• Your task:
Nothing but the text belongs in the answer: the listing below, copied exactly, without pictures.

• Information provided:

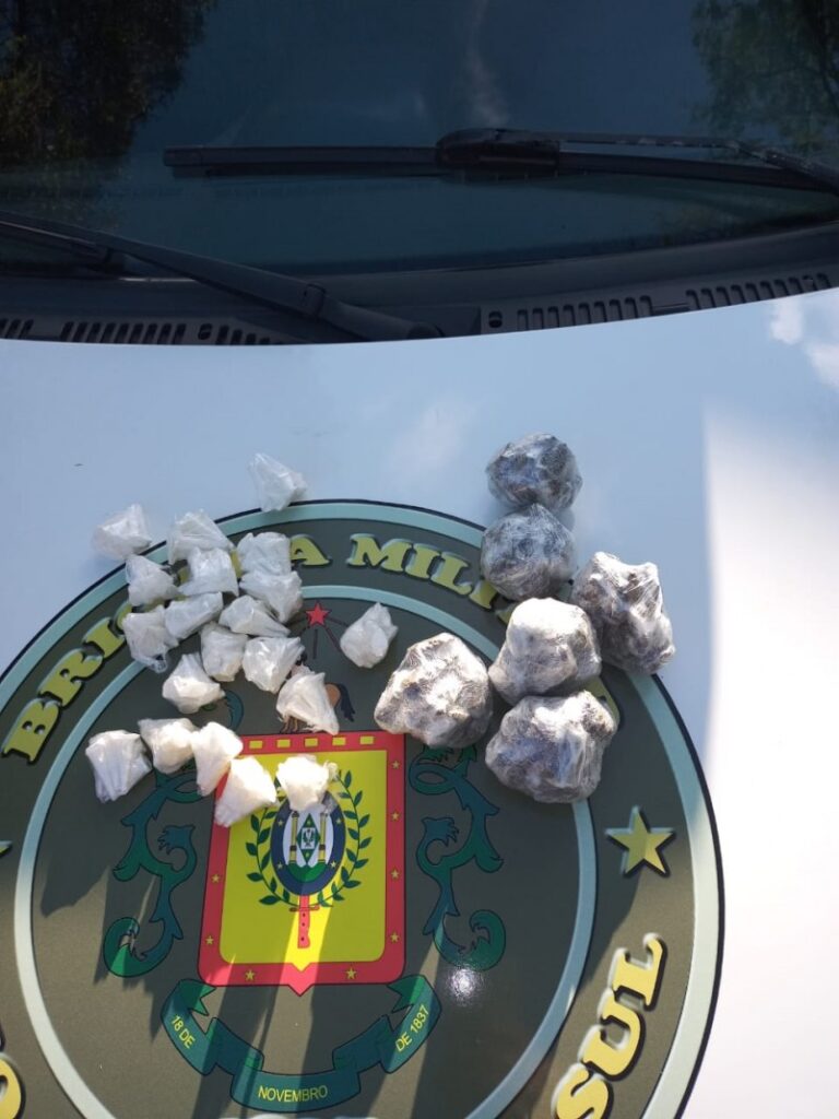 Dentro do automóvel foi localizado uma sacola plástica, contendo 140 pinos de cocaína e 80 porções de maconha. O automóvel e as substâncias foram apreendidos e apresentados na delegacia de polícia.
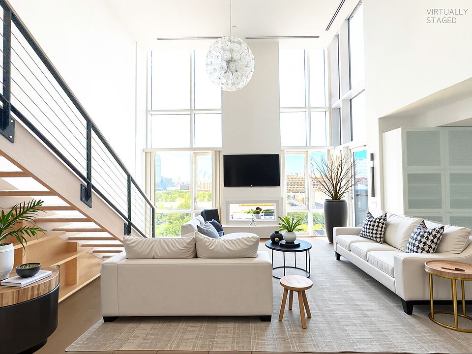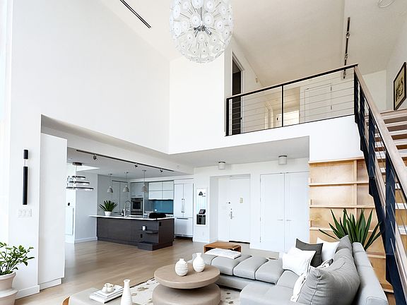 This spacious duplex offers over 1,600 sq ft of living space, double-height windows, and two private balconies with stunning views of the East River and Manhattan skyline.
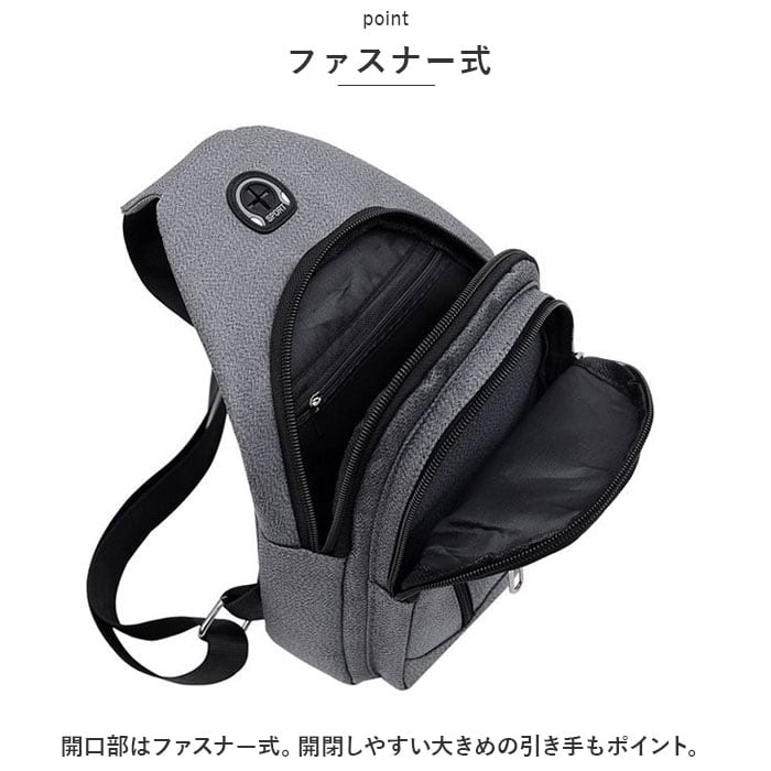 ・開口部はファスナー式。開閉しやすい大きめの引き手もポイント。
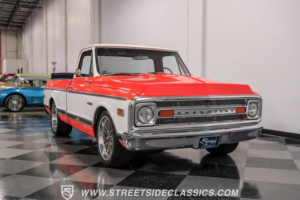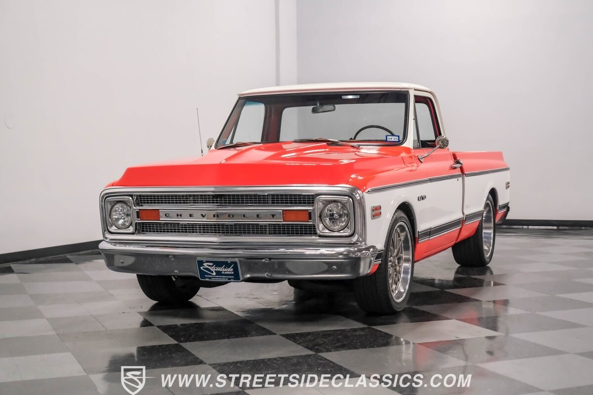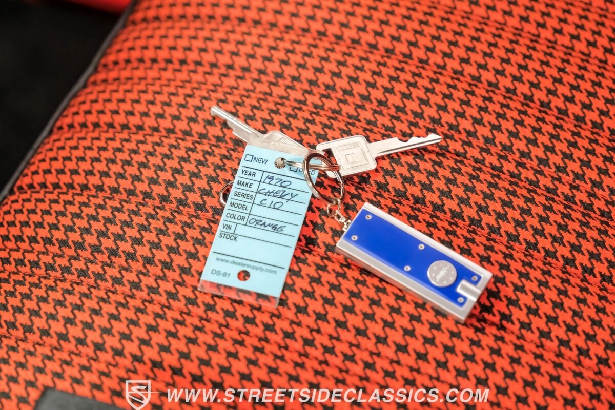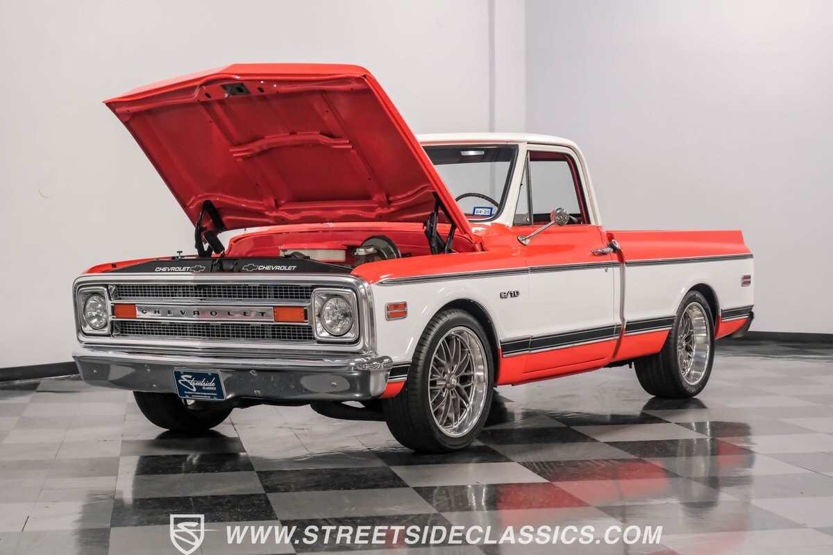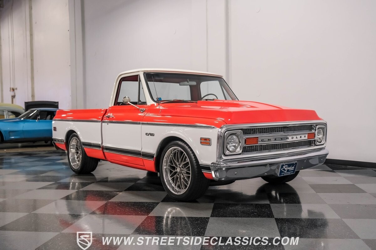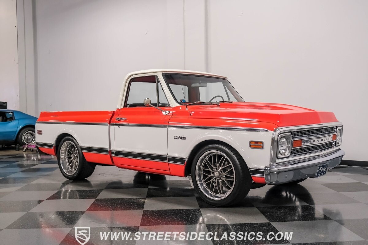 If you like 1967-1972 Chevy trucks, it does not get much better than this exceptional 1970 Chevrolet C/10 Fleetside short bed pickup. This beautifully restored truck is finished attractively in orange with a contrasting white top and side panels. The two-tone paint treatment is divided by deluxe upper and lower body side moldings that run the length of the truck, as well as the tailgate. Other exterior features include a large rear window, cowl induction hood, black lined bed, tinted glass, dual chrome mirrors and bright chrome bumpers. A set of 20-inch U.S. mag wheels with tires staggered 275/40ZR20 front and 315/35ZR20 rear give this classic truck a confidant stance.

• Written answer:
 Dentro do automóvel foi localizado uma sacola plástica, contendo 140 pinos de cocaína e 80 porções de maconha. O automóvel e as substâncias foram apreendidos e apresentados na delegacia de polícia.
 This spacious duplex offers over 1,600 sq ft of living space, double-height windows, and two private balconies with stunning views of the East River and Manhattan skyline.
 ・開口部はファスナー式。開閉しやすい大きめの引き手もポイント。
 If you like 1967-1972 Chevy trucks, it does not get much better than this exceptional 1970 Chevrolet C/10 Fleetside short bed pickup. This beautifully restored truck is finished attractively in orange with a contrasting white top and side panels. The two-tone paint treatment is divided by deluxe upper and lower body side moldings that run the length of the truck, as well as the tailgate. Other exterior features include a large rear window, cowl induction hood, black lined bed, tinted glass, dual chrome mirrors and bright chrome bumpers. A set of 20-inch U.S. mag wheels with tires staggered 275/40ZR20 front and 315/35ZR20 rear give this classic truck a confidant stance.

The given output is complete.